Похоже, ты попал на праздник дикарей — длинные серьги, накрашенные лица, какие-то немыслимые прически и шляпы. Ты ощущаешь, что в этой пестрой жизни есть что-то латиноамериканское, и дело тут совсем не в том, что сейчас в крови у тебя носятся пираньи, а в голове с глухим гулом бьются ритмы маримбы.

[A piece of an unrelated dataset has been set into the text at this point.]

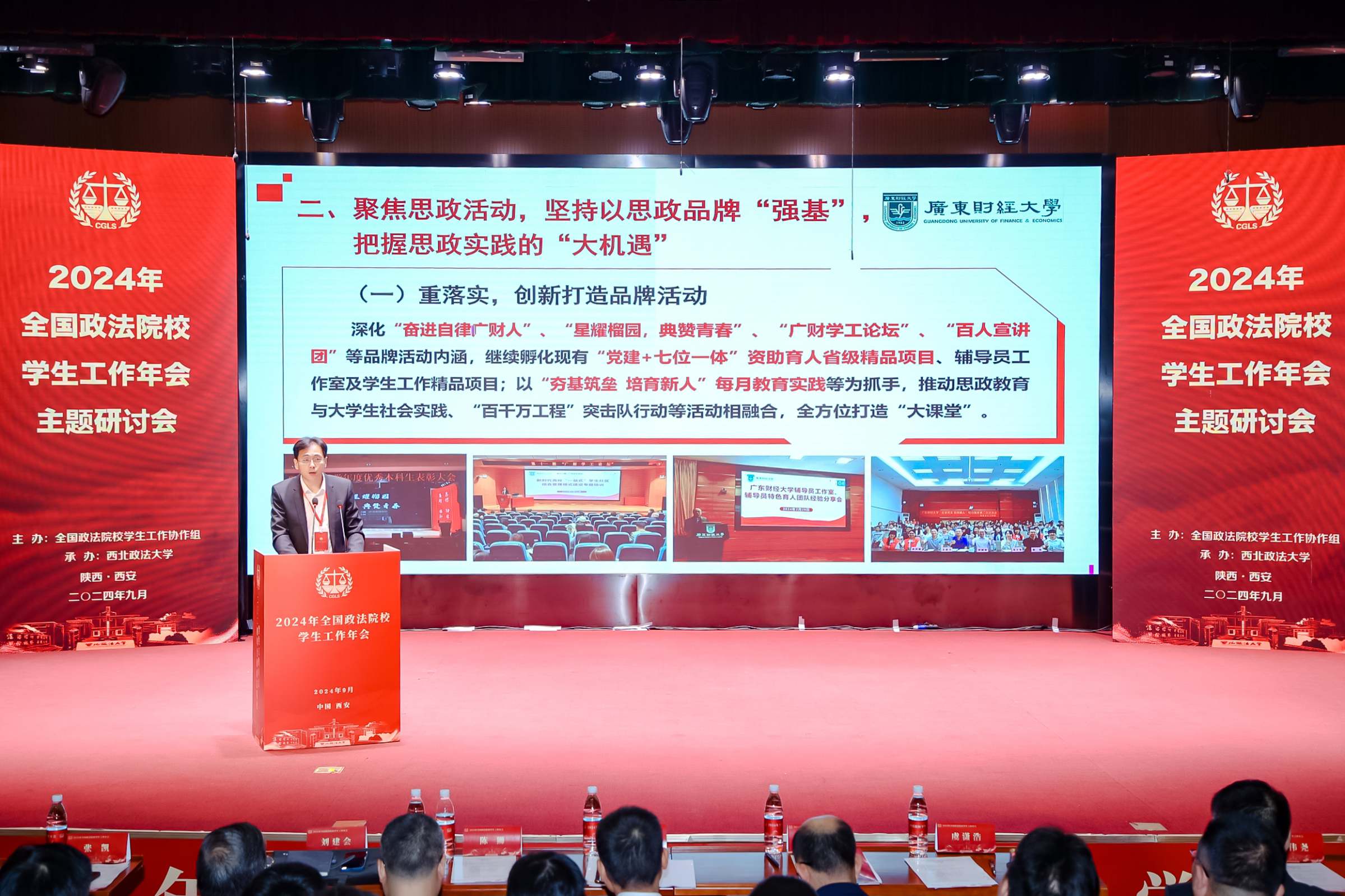 9月23-25日,全国政法院校2024年学生工作年会在西北政法大学召开。本次年会以“挺膺时代担当,书写青春篇章,努力培养高素质法治人才”为主题,围绕“新中国成立以来高校立德树人的机制探索与方法研究”“数字化教育背景下学生工作的新态势、新路径、新方法”等内容,以专家解读、主题发言、经验介绍、分组讨论等方式进行。来自全国政法院校学生工作协作组成员单位的11所院校100余名代表参会。我校副校长张凯带领学工部部长苏明华、副部长李愿方、研工部副部长孙桃丽、人力资源学院党委副书记阮方明、学工部学生管理科李林一行6人参加了会议。
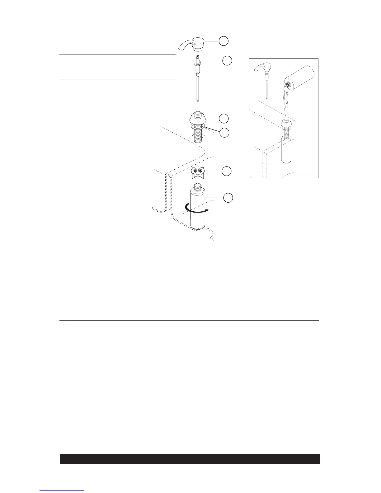 the sink screw the bottle (5) onto the body assembly shank. Insert pump (6) into head (2), then drop

Ты прислонился спиной к столбу — то ли он потолок подпирает, то ли просто так стоит,— но тебя он подпирает, это уж точно. Лысая деваха говорит, что раньше здесь было неплохо, но потом это место облюбовали гомики. Тебе не хочется с ней болтать, даже слушать ее не хочется — единственное, на что ты способен (дожил!), это стоять истуканом и молчать.
Как тебя сюда занесло? Приволок тебя сюда, в этот кабак, Тэд Аллагэш, твой друг, а сам потом смылся. Вот Тэд как раз из тех, кому в самый раз встречать рассвет в подобном месте. Быть может, он лучшая половина твоего «я», а может — худшая. Непонятно, одним словом, какая именно. Вот, например, вчера вечером тебе было совершенно ясно, что он твоя лучшая половина. Вы начали на Верхнем Ист-сайде (шампанское плюс неограниченные перспективы) и двинулись дальше, строго соблюдая главное правило Тэда Аллагэша: каждая остановка — выпивка. Основная цель Тэда — выжать из жизни как можно больше удовольствий. В идеале — больше всех в Нью-Йорке. А для этого надо много двигаться, поскольку всегда есть вероятность, что самое большее удовольствие скрывается как раз там, где тебя в данный момент нет. Ты восхищаешься его решительным нежеланием стремиться к какой-либо более высокой цели, и тебе хочется стать таким же. В то же время ты признаешь, что он существо мелкое и при этом довольно опасное. Друзья у него все какие-то порочные субъекты с большими деньгами — совсем как его двоюродный брат из Мемфиса, которого вы встретили тем же вечером, но чуть раньше. Он не захотел идти с вами далее Четырнадцатой улицы, потому что, как он выразился, у него нет визы на дно жизни. С этим братом еще была подружка—такая скуластенькая... Вполне способная разбить твое сердце. Ты сразу понял, что она кое-чего стоит, — понял хотя бы по тому, как решительно она отказывалась признавать твое присутствие. У нее были свои тайны, свой мир: острова в лазурном море, скаковые лошади и безукоризненное парижское произношение... И тебе в этот мир дорога была заказана.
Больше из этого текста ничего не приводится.